Felix Kühling wrote:
On Wed, 29 Oct 2003 11:43:43 +0000
Keith Whitwell <[EMAIL PROTECTED]> wrote:

You don't want to shut the entire dma engine down waiting for vblank as this would kill performance with >1 3d application, or even where 2d apps and a single 3d app are mixed.


Yeah, if one 3D app waits for a vblank all others would have to wait
too. That's bad.

Very bad - consider gears, which can render a frame in 1/1000 sec. If it then locks the hardware to wait for vblank, it will end up locking the hardware almost all the time (because it is almost always waiting for vblank), and no other 3d apps nor the X server will be able to get it.
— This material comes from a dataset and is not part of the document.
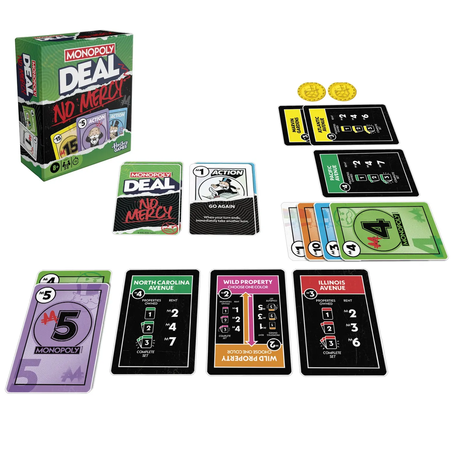 Get ready for the most ruthless Monopoly Deal yet with Monopoly Deal No Mercy! Swap, steal, and scheme your way to victory as you compete to collect 3 property sets first.

Some hardware has support for interrupting the main command stream with a higher priority one - the Intel i810 and i830 definitely allow this. In those, you could issue the swapbuffer commands to the high-priority ringbuffer when you receive the vblank interrupt, but allow other applications to continue submitting commands to the low-priority buffer. Of course, you'd need some mechanism to get uptodate cliprect information into the kernel.

You can imagine other mechanisms for supporting this in hardware - a delayed flipbuffer command that only works during vblank period, for example. But in general, I think you've got to have hardware support of some sort to make this work efficiently in the general case.


A delayed flipbuffer command doesn't give the level of control you need
to implement OML_sync_control. A high priority queue alone doesn't solve
the problem either. The application mustn't put rendering commands for
the next frame on the low priority queue until the swap has actually
happened.

That's straightforward to solve - you just put the app to sleep until the interrupt arrives. You have to do this already, right?


Some sort of scheduler for the 3D engine in the kernel could
be a solution even without hardware support. However, that would be a
huge project as state management related to context switches that is now
done in user space would have to move the kernel.

The original DRM did dma this way, the gamma still does. It's slow and complex.


You don't need to go all the way though, as there's no need to rearrange multiple dma queues - just submit stuff to the engine in the same order it comes in, with the exception of swapbuffer commands on a software-simulated high-priority command queue. I imagine that while this will be faster & less complex than the original DRM mechanisms, it will still be somewhat painful.

So is the conclusion that the only feasible way to do vsyncing in the
short term is to make the application wait for 3D idle and then for the
vblank?

Not at all - there's the experiment of simulating a high-priority command queue as above, plus the option of real high-priority queues on Intel hardware.


Further, I disagree that waiting for 3D idle and then vblank is feasible, as it will lock out other users from the hardware for the majority of the time.